**What you will do:** Beneath this task are the entries; from the line with "x 14 x 6 cm." through the last one, transcribe every line exactly and nothing else, skipping pictures.

++++++++++++++++++++

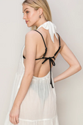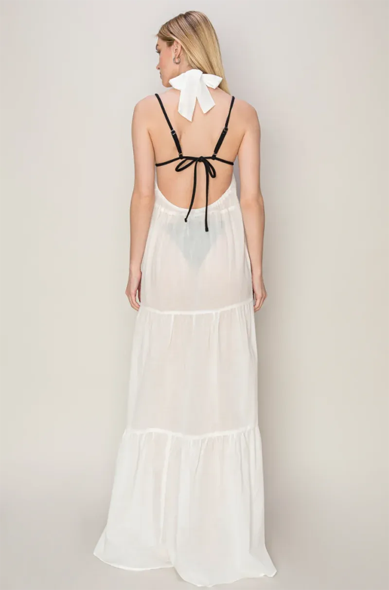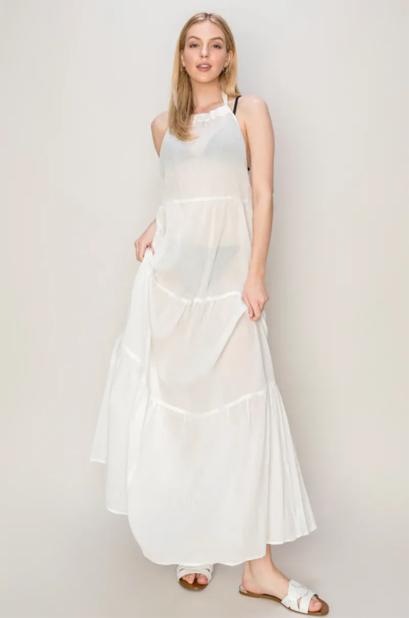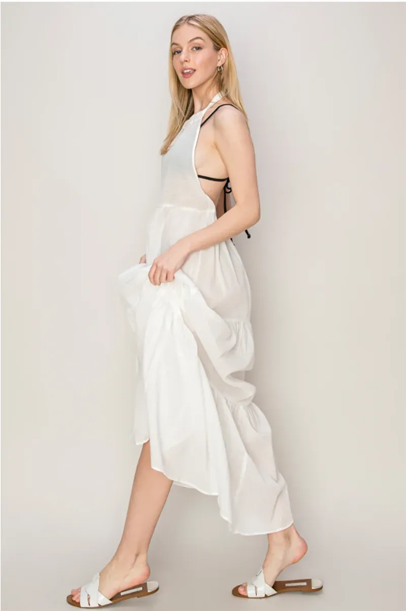 Women dress: cover up, sleeveless, maxi length, halter neck, tied backless, semi-sheer, no stretch, boho style, cute, chic, Perfect for beach and festival look in spring and summer !. Whether you are heading to the beach, the boardwalk, or a little outing with your girlies, this oh-so-perfect neutral dress will be sure to turn heads!
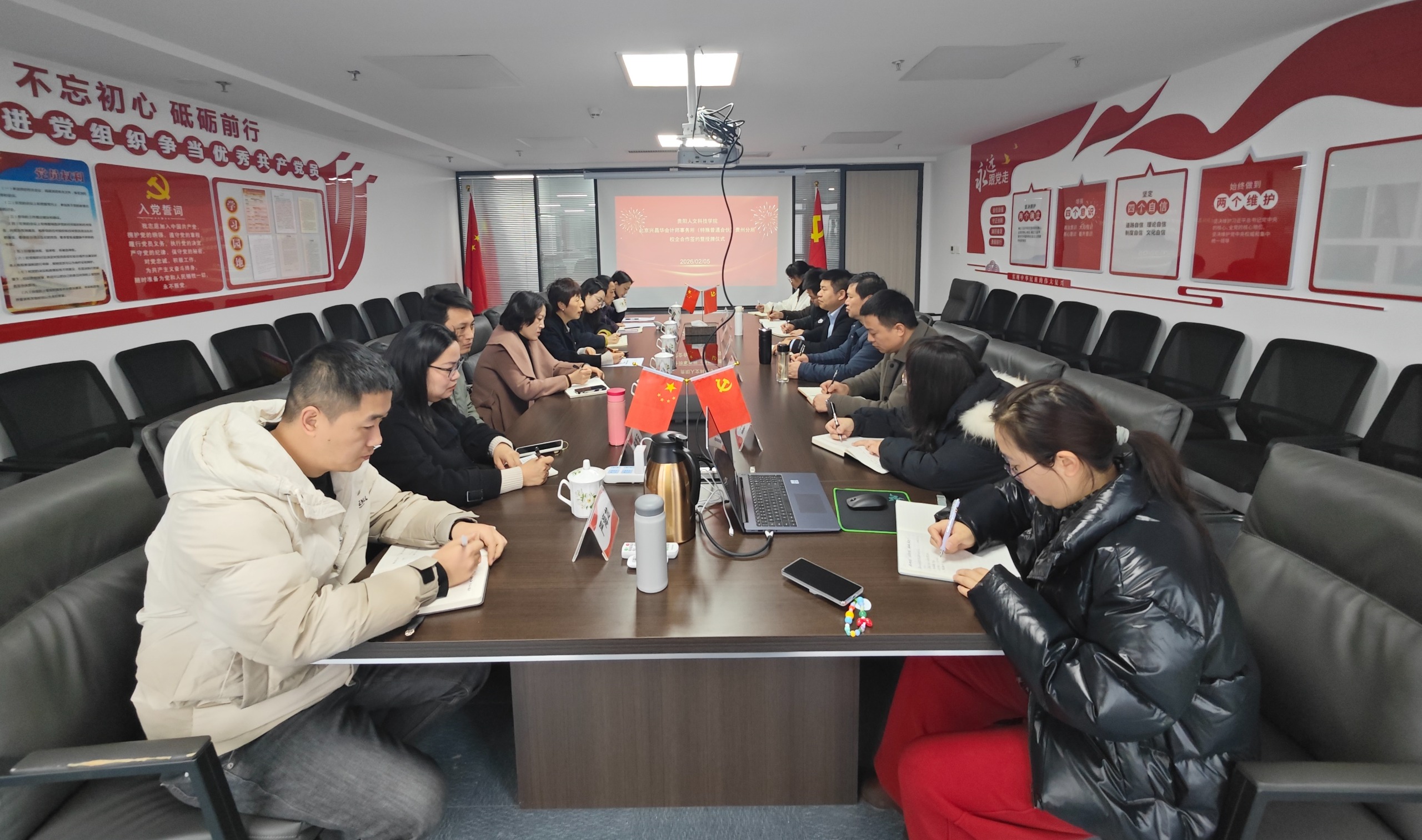 为深入贯彻落实关于高校毕业生就业工作的决策部署,拓展优质就业岗位,深化校企协同育人,2月5日上午,学院党委书记田丹、副院长陈福娣、党委副书记李爽率队,携财务管理教研室教师及就业联络员一行,前往北京兴昌华会计师事务所(特殊普通合伙)贵州分所进行访企拓岗专项交流。双方就人才供需对接、实习实训基地建设、产学研合作等议题进行了深入探讨,并成功签署了实习实训就业合作协议。
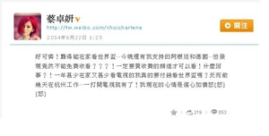 - ↑ 蔡卓妍的微博:好可憐!難得能在家看世界盃⋯今晚還有我支持的阿根廷和德國⋯但發現竟然不能免費收看...,2014年6月22日 01:25
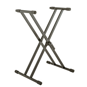 Soporte de teclado « Rick 20 » doble X, de acero, altura ajustable de 594 mm a 946 mm, carga máxima de 50 kg, profundidad de 250 mm, peso de 5,4 kg, color negro.
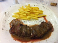 Cardápio com apenas uma opção de prato principal: entrecôte, um corte de contrafilé bovino com molho secreto e fritas.
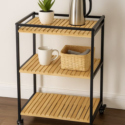 3-Tier Multipurpose Bamboo Trolley, 47x33x77cm, Natural Finish
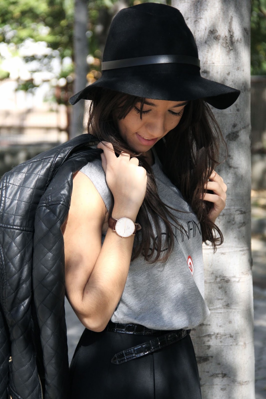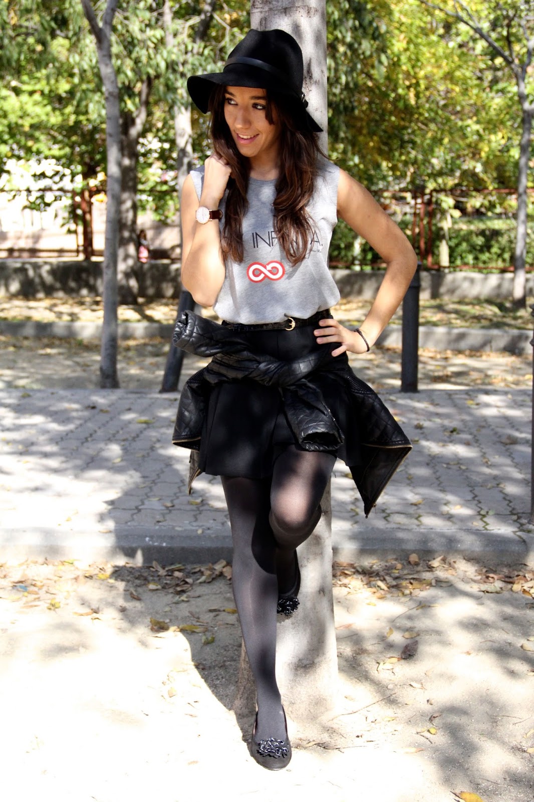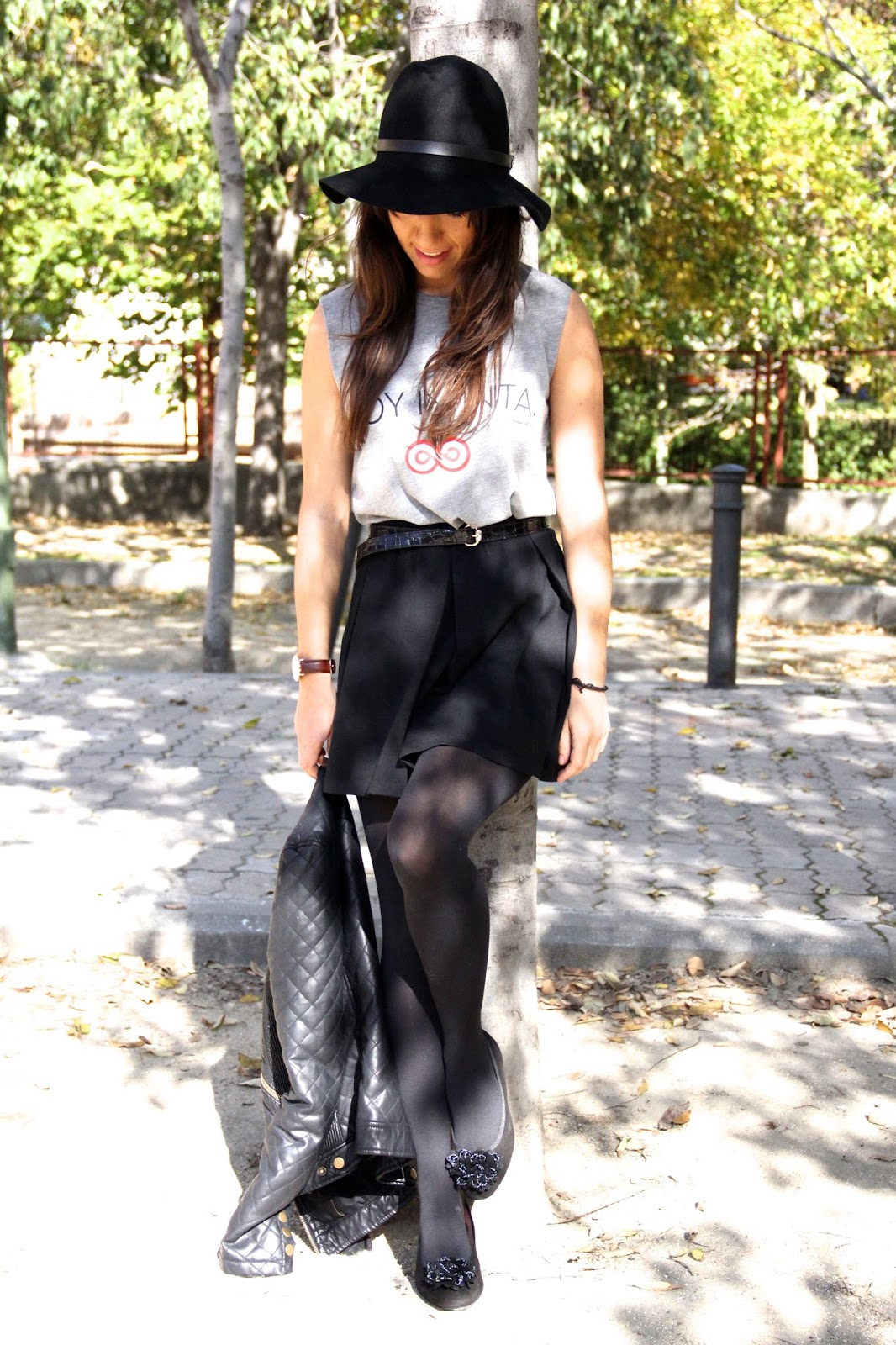 Good morning, today I show you one of the look that I chose to recording the promotional video for the new collection of Ferrutxitas (you can see it again here). But with special touches basic apparel , message t-shirt, hat , leather jacket for a more rocker and manoletinas to endure the day without sore feet air. What do you think about that kind of look?
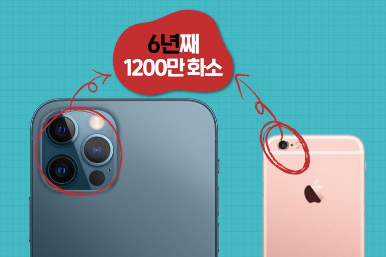 애플이 1200만 화소 카메라를 탑재한 아이폰12를 선보였다. 2015년 출시된 아이폰6S 이후 6년째 1200만 화소를 고수하는 셈이다.
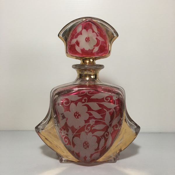 • Antigo frasco de vidro com tampa, anos 40, decorado com flores e detalhes pintados à ouro. Sinais de desgastes. Dimensões: 18 cm x 14 x 6 cm.
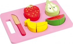 The set includes a cutting board, a wooden knife, and four types of fruit – banana, strawberry, pear, and watermelon. The high-quality wooden design ensures long durability and safe play with no sharp edges.

++++++++++++++++++++

**Finished exercise:**
 • Antigo frasco de vidro com tampa, anos 40, decorado com flores e detalhes pintados à ouro. Sinais de desgastes. Dimensões: 18 cm x 14 x 6 cm.
 The set includes a cutting board, a wooden knife, and four types of fruit – banana, strawberry, pear, and watermelon. The high-quality wooden design ensures long durability and safe play with no sharp edges.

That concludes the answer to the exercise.